Large retail bases pose unique IR challenges
Due to the restrictions placed on institutional investors on entering cannabis stocks, the vast majority of public companies in the cannabis space have an investor base made up primarily of retail shareholders.
In a 2019 survey of 250 retail investors by KCSA Strategic Communications, half of respondents say they pulled money from other industries to invest in cannabis.
More than a third (40 percent) of investors are significantly overweighting their cannabis investments, which make up more than a quarter of their overall portfolio, according to the survey. And while there continue to be issues for cannabis companies around compliance with regional and national laws, 84 percent of respondents are not concerned about the federal illegality of cannabis.
‘Retail investors tend to be more emotional and more committed to the stocks they buy,’ says Fromer. ‘Smarter money knows how to trade in and out of opportunities and [retail investors] have the wherewithal to do that.’ But having such a large retail shareholder base can pose some unique investor relations challenges, specifically relating to cost, volatility and education.
‘This is investor relations like no other because of the sheer size of the investor group,’ says Burns. ‘We have 760,000 shareholders. That increases volatility and means that in every disclosure we’re educating and managing our investors.’
Burns estimates that Canopy Growth’s shares are 55 percent held by retail investors. This is unusually low for a public cannabis company and is due to Canopy Growth’s deal with Constellation Brands (which holds around 35 percent of the shares) and the company’s position as a first mover, which has led to some institutional ownership.

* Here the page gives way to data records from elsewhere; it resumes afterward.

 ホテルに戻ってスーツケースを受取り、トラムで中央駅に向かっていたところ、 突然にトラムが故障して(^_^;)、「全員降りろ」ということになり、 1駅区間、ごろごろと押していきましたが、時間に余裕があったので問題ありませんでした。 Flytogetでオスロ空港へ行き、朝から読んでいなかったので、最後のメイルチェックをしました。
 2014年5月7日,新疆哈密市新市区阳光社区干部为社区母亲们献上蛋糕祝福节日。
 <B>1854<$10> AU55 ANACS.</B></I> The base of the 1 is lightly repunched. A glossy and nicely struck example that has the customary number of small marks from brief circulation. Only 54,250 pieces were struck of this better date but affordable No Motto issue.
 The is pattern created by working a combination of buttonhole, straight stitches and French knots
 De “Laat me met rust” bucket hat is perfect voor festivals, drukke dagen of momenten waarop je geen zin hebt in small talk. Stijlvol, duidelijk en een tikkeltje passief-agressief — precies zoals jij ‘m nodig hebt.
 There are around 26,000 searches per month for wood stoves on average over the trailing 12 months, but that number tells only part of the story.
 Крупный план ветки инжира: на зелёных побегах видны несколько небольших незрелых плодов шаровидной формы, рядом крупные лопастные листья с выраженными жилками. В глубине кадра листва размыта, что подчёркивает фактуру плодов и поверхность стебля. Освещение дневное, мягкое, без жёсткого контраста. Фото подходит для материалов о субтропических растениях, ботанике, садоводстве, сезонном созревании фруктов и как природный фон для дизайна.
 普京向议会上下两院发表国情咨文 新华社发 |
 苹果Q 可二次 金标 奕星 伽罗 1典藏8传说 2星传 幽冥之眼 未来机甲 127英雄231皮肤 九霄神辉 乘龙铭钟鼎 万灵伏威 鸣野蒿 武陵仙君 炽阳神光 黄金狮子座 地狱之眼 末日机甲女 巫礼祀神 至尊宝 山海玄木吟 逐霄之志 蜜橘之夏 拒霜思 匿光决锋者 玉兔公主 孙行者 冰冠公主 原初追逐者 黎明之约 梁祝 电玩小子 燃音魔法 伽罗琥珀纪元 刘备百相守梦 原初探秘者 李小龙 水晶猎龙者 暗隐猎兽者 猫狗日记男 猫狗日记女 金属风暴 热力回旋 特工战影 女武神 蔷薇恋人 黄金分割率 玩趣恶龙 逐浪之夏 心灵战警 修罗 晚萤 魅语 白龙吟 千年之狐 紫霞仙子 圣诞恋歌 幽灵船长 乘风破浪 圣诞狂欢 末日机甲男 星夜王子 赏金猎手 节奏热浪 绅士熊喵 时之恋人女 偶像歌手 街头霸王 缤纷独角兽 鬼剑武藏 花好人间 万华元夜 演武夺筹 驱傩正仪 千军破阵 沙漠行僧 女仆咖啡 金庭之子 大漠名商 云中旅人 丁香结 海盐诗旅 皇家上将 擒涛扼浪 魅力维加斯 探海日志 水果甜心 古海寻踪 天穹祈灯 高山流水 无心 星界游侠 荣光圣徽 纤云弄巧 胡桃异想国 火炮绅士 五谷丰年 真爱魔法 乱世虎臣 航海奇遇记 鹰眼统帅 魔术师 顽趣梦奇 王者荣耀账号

Communicating with such a large investor base can be costly. Burns explains that for the company’s annual shareholder meeting in 2017, there were 87,000 separate shareholders – 7,000 in the US and 80,000 in Canada. For the company’s special meeting in 2019 to approve the acquisition of Acreage Holdings, Burns says he had to mail out printed meeting materials to 600,000 shareholders in the US and 160,000 in Canada. ‘It goes without saying that that is a lot of circulars to mail out,’ he observes.
‘We mailed out well over 300,000; our printing costs alone totaled C$1.5 mn.’
The investor base at High Tide is even more extreme, with 99 percent of shares held by retail investors, according to Kuzyk. Around 45 percent of the company’s shares are owned by the CEO and his family, which Kuzyk says protects the company from the fear of an activist entering the stock.
But having such a large retail base poses other challenges when it comes to volatility. During this year, High Tide’s stock price has fluctuated between 22 and 41 cents per share.
‘Any little bit of downward pressure or upward support in the market is really going to move our share price,’ Kuzyk says. ‘We trade about half a million shares a day and it doesn’t take much to move our price up or down. We’ve been all over the place, and that kind of volatility can cause a lot of stress to retail investors who aren’t used to it.’
Goldberger explains that having a volatile and unsophisticated shareholder base will increasingly be a problem for companies as they look to mature and deploy capital in sustainable ways that might be misunderstood. He specifically cites the issues that some life sciences cannabis companies are facing, relating to their research and development expenses.
‘We’re having discussions with companies that are on the true life sciences side,’ he says. ‘The cannabis investor doesn’t ultimately understand the life sciences sector. These firms might be doing research on a specific medical condition and being asked about how many strains of cannabis they’re making. They’re happy to be public, but they’re having to deal with very misguided individuals.’